Abstract

Our study objective was to assess the effect of various sperm DNA fragmentation levels on clinical intracytoplasmic sperm injection outcome. This retrospective study included 392 patients who underwent ICSI and performed sperm DNA fragmentation testing before the procedure. Based on sperm DNA fragmentation cut-off values, the patients were differentiated into 3 groups as <20%, 20%-30% and >30%. According to the female status, patients were differentiated into favourable group (n=259) with female age <35years and anti-Mullerian hormone level ≥7.1pmol/L; and unfavourable group (n=133) with female age ≥35years and anti-Mullerian hormone level ≤7.1pmol/L. The patient's medical records were reviewed, and patient's demographic, laboratory data including semen analysis, sperm DNA fragmentation determined by means of sperm chromatin dispersion, hormonal profile and data regarding intracytoplasmic sperm injection cycle were collected. This cohort reported that the clinical reproductive outcomes of intracytoplasmic sperm injection showed no statistical significance with increase sperm DNA fragmentation levels.
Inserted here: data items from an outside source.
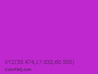 XYZ 33.474,17.032,60.555 Color is a normal magenta color and the nearest color is Steel Pink #cc33cc. Hex code #bf27cf and RGB value is rgb(191,39,207). In RGB color space, this color is composed of 75% red, 15% green, 81% blue, In CMYK color space, this color is composed of 8% cyan, 81% magenta, 0% yellow , 19% black , In HSL color space, this color has a hue angle of 294° , 68% saturation and 48% lightness.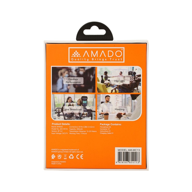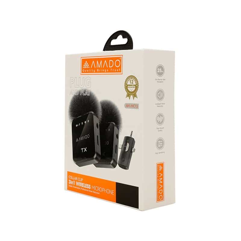 میکروفون بی سیم آمادو amado یقهای 3 در 1 مدل MC13 یک میکروفون همهکاره و با کیفیت بالا است که برای ظبط صدا در شرایط گوناگون طراحی شده است. این میکروفون با ویژگیهای منحصر به فرد، گزینهای ایدهآل برای تولیدکنندگان محتوا، خبرنگاران و افرادی است که به تولید محتوا و ظبط صدای حرفهای با کیفیت بالا نیاز دارند.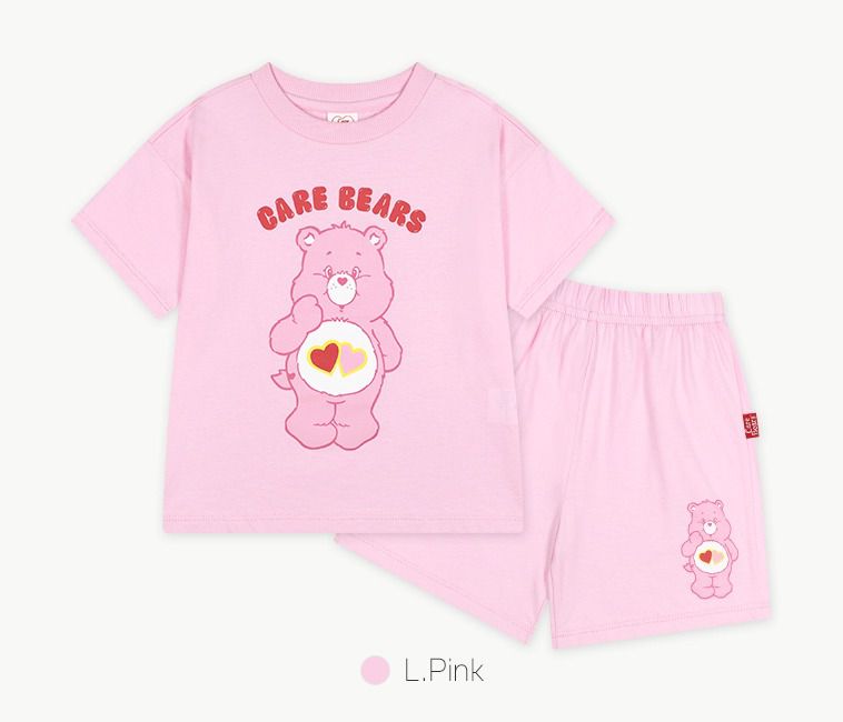 韓國 Care Bears - 聯名款思考熊熊印短袖套裝-心心粉熊-粉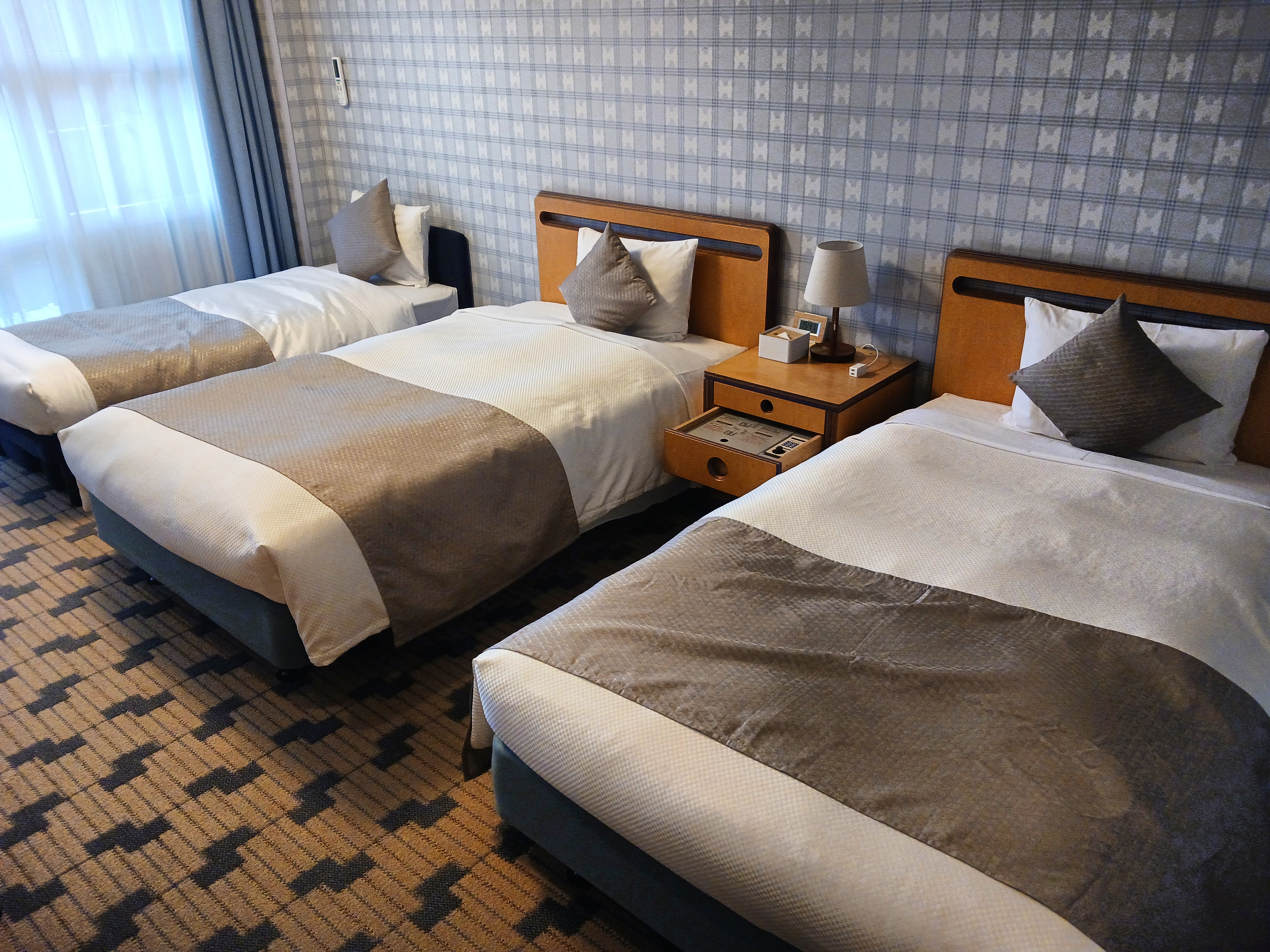 3人定員ですので1台はエクストラベッドです。ほとんど部屋以外のラウンジなどにいるのであれば寝るだけ。そう狭くも感じません。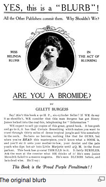 The word “blurb” was coined by American humorist Gelett Burgess in 1907, and actually named after a fictitious young woman he had decided to name Miss Belinda Blurb. There she was on the dust jacket of his book, (see illustration above), promoting its excellence. And, as it were, being described as “in the act of blurbing.”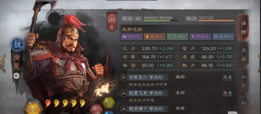 盾兵本身防御高,但怕火和法伤,所以遇到法师队时,可以给典韦或曹仁这类肉盾补点智力,减少被秒的风险。比如典韦带个气凌三军,加点可以武力为主,统率为辅,这样既能反击又能站得住。徐晃则是典型的暴力输出,加点无脑堆武力,配合轻勇飞燕这类战法快速叠被动,中后期伤害爆炸。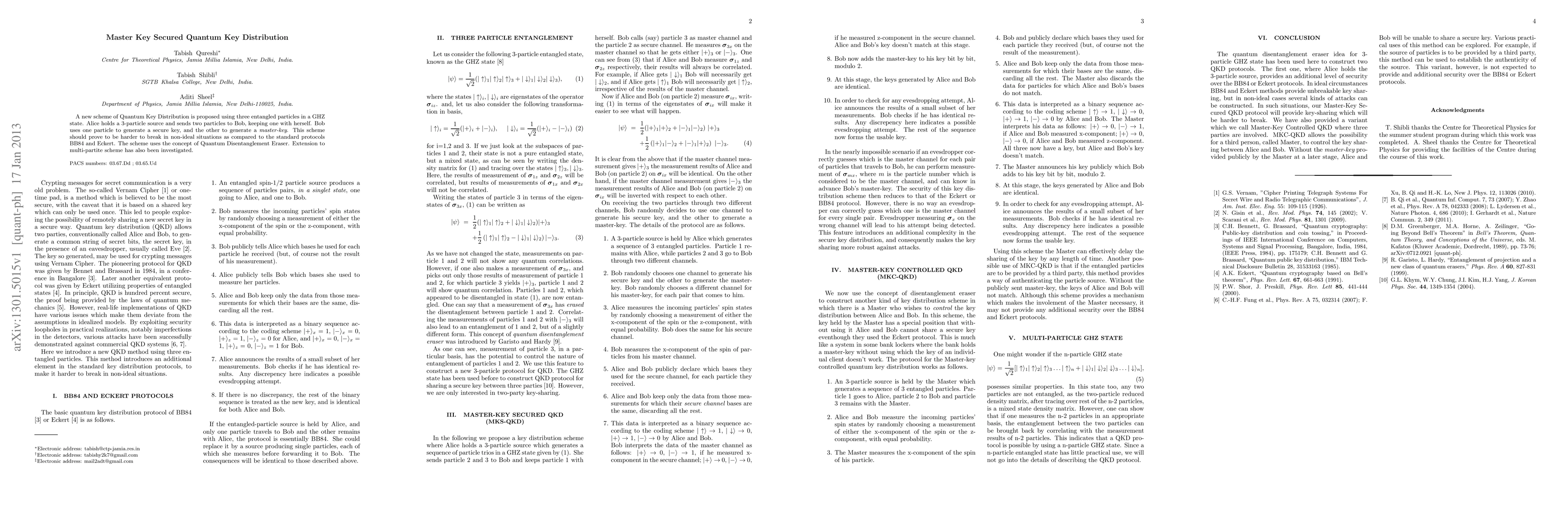 Summary: This paper proposes a novel Quantum Key Distribution scheme using three-particle GHZ entangled states, where Alice and Bob share secure keys through the generation of a master-key, leveraging Quantum Disentanglement Eraser for enhanced security over standard protocols like BB84 and Eckert. The study also explores its extension to multi-partite systems.

In sperm DNA fragmentation above 30%, favourable females had significantly higher clinical pregnancy rate and live birth rate than unfavourable females, while fertilisation rate and miscarriage rate showed no significance between the subgroups. High sperm DNA fragmentation is linked to poor semen parameters.

Highlights

  • Infertility is one of the predominant problems affecting around 15% of couples of reproductive ages worldwide with about 50% of causative factors from the male side (Irvine, 1998; Lotti and Maggi, 2018)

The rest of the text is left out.